The Act lays down clearly and in detail, the procedure for the termination of a controlled tenancy. Section 4(1) of the Act states in very clear language that a controlled tenancy shall not terminate or be terminated, and no term or condition in, or right or service enjoyed by the tenant of, any such tenancy shall be altered, otherwise than in accordance with specified provisions of the Act. These provisions include the giving of a notice in the prescribed form. The notice shall not take effect earlier than 2 months from the date of receipt thereof by the tenant. The notice must also specify the grounds on which termination is sought. The prescribed notice in Form A also requires the landlord to ask the tenant to notify him in writing whether or not the tenant agrees to comply with the notice.

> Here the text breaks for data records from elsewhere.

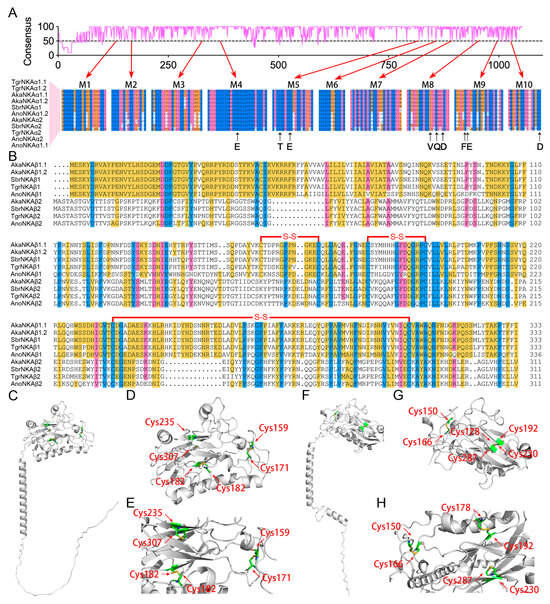 Multiple sequence alignments of the deduced protein sequences for the NKA subunits across diverse ark shells revealed a high degree of sequence conservation within orthologs of the NKA-α and NKA-β subunits (Figure 5). Interestingly, the orthologs identified in A. noae presented significantly reduced sequence conservation compared with those in other species, suggesting a unique evolutionary trajectory for this species (p < 0.05). Conversely, the orthologs shared between A. kagoshimensis and A. broughtonii presented a notably high level of conservation, with sequence identities exceeding 95%, which underscores a particularly close evolutionary relationship between these two species (p < 0.05). These findings highlight the complex evolutionary dynamics and varying patterns of sequence preservation among NKA subunits in these species.
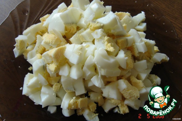 Яйца измельчить,
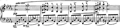 A sonorous foundation for the melodic line is provided by the widely spaced notes in the accompaniment, connected by the damper pedal. The waltz-like accompaniment gently emphasizes the 12/8 meter, 12 beats to the measure subdivided into four groups of 3 beats each.
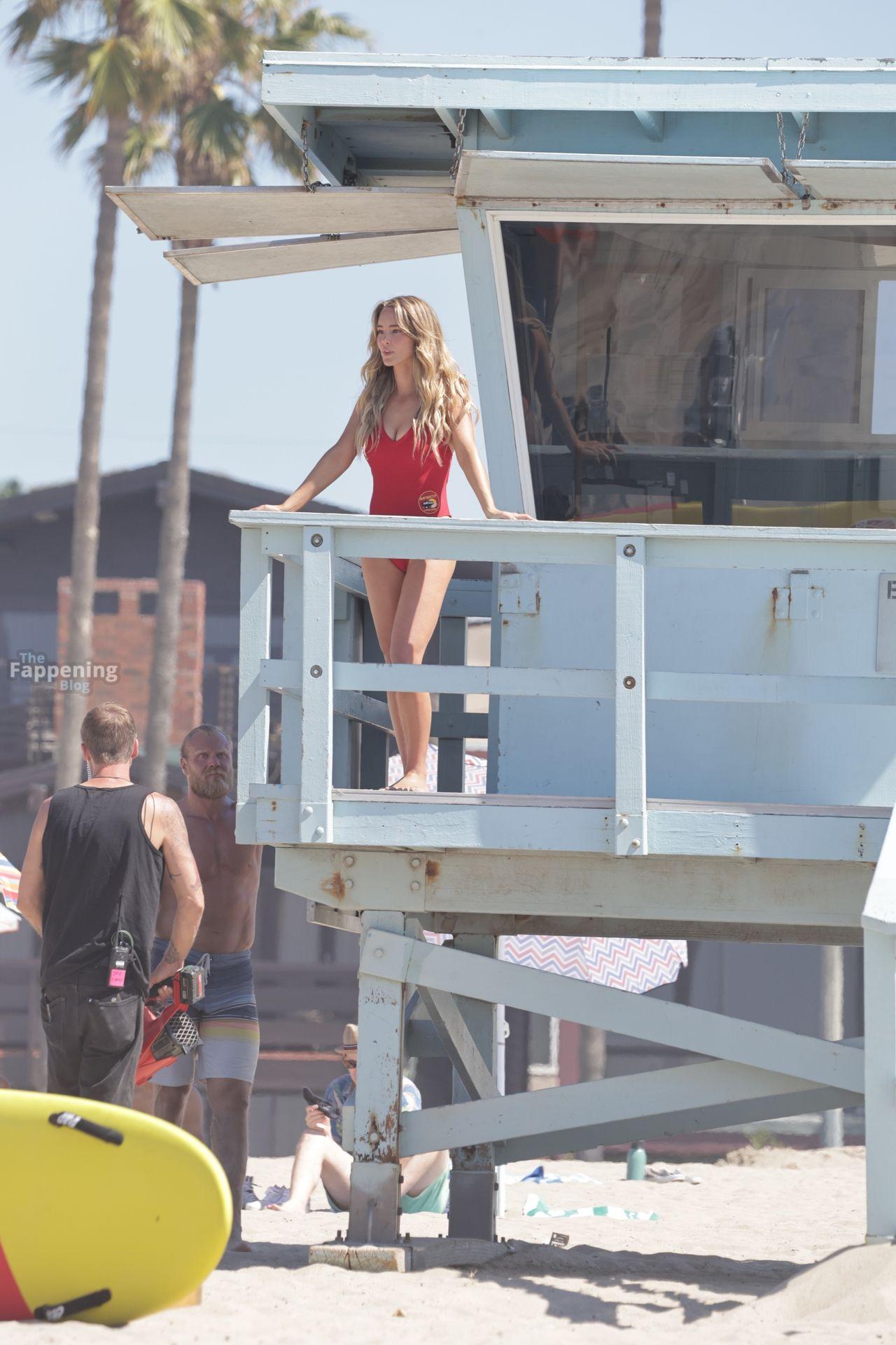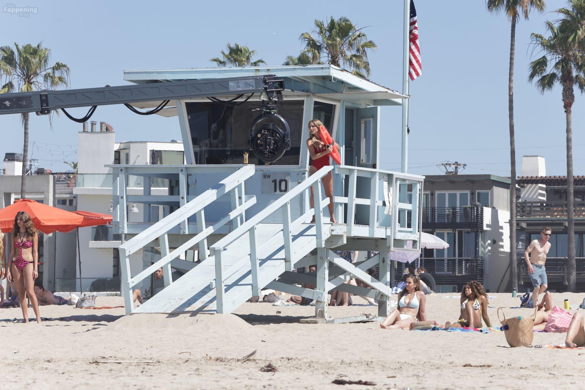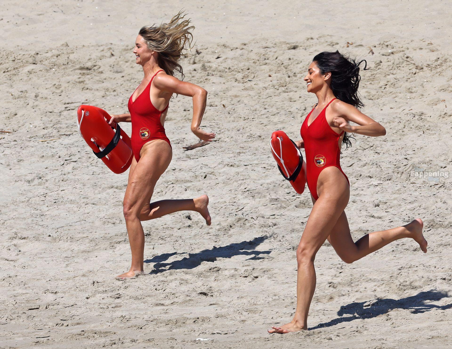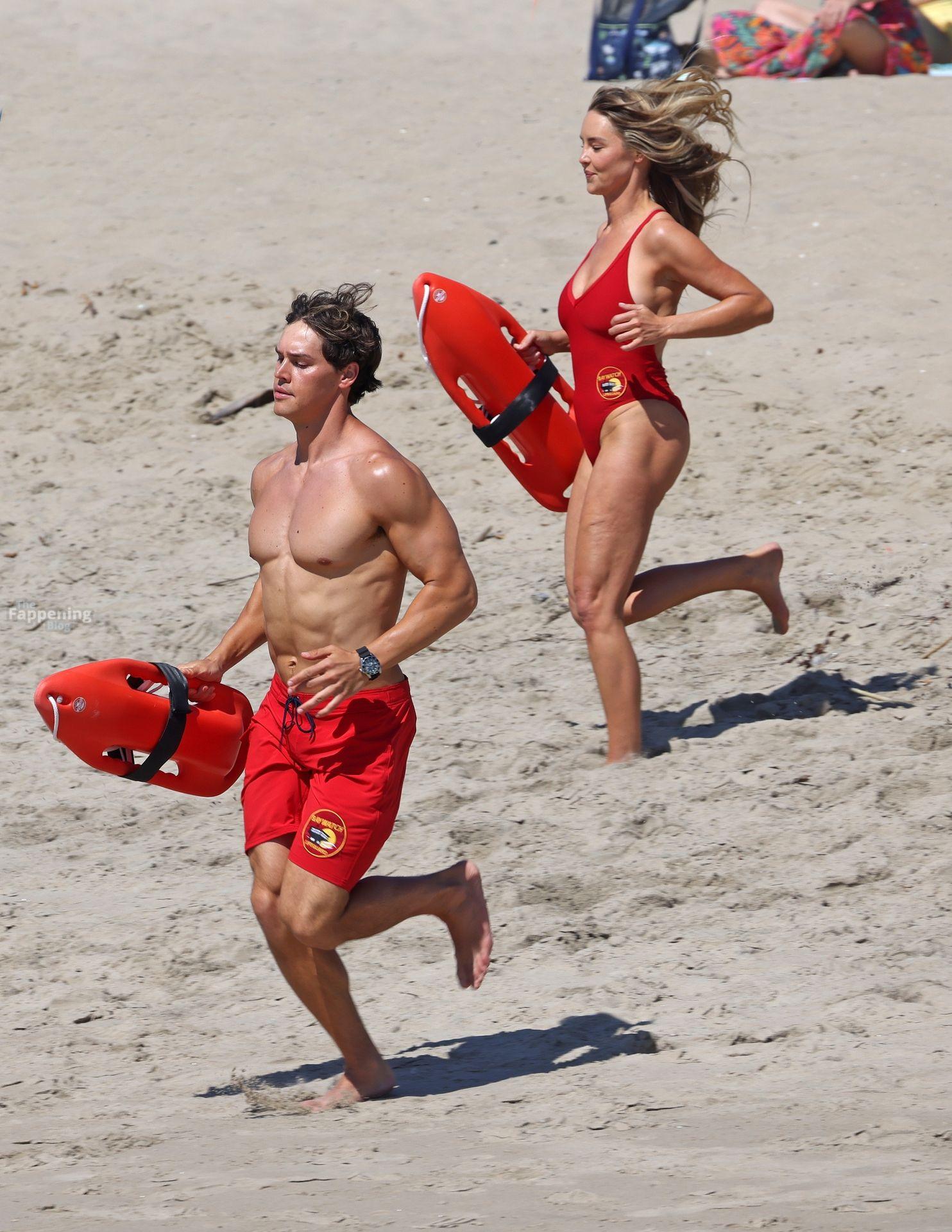 Shay Mitchell, Hassie Harrison, Stephen Amell e Noah Beck sono ritratti mentre girano la nuova serie Baywatch a Venice Beach.

As there is no cross-appeal against the concurrent finding by the magistrate and the judge that the tenancy here was controlled, we have to accept that finding as conclusive. The notice of termination given by the respondent was clearly void and had no effect in law on the appellant’s tenancy and the appellant was under no duty, legal or otherwise to react to it. If any authority were required on the manner of terminating a controlled tenancy, then we need go no further than the decision of this Court in the case of Tiwi Beach Hotel Ltd v Juliane Ulrike Stamm [1990] 2 KAR 189. Neither the magistrate nor the judge had jurisdiction in this matter as the tenancy in issue was a controlled one. And in signing summary judgment in favour of the respondent, the magistrate acted without jurisdiction. The judge also fell into the same error.

The result is that this appeal is allowed and the judgments and decrees of the magistrate and the judge are set aside and substituted by an order dismissing the respondent’s suit and application for summary judgment with costs. The appellant will also have the costs of the appeal in the High Court and in this court.

Dated and delivered at Mombasa this 24th day of July 2 1995

J.M GACHUHI

..................................

JUDGE OF APPEAL

R.O KWACH

..................................

JUDGE OF APPEAL

R.S.C OMOLO

..................................

JUDGE OF APPEAL

I certify that this is a true copy of theoriginal.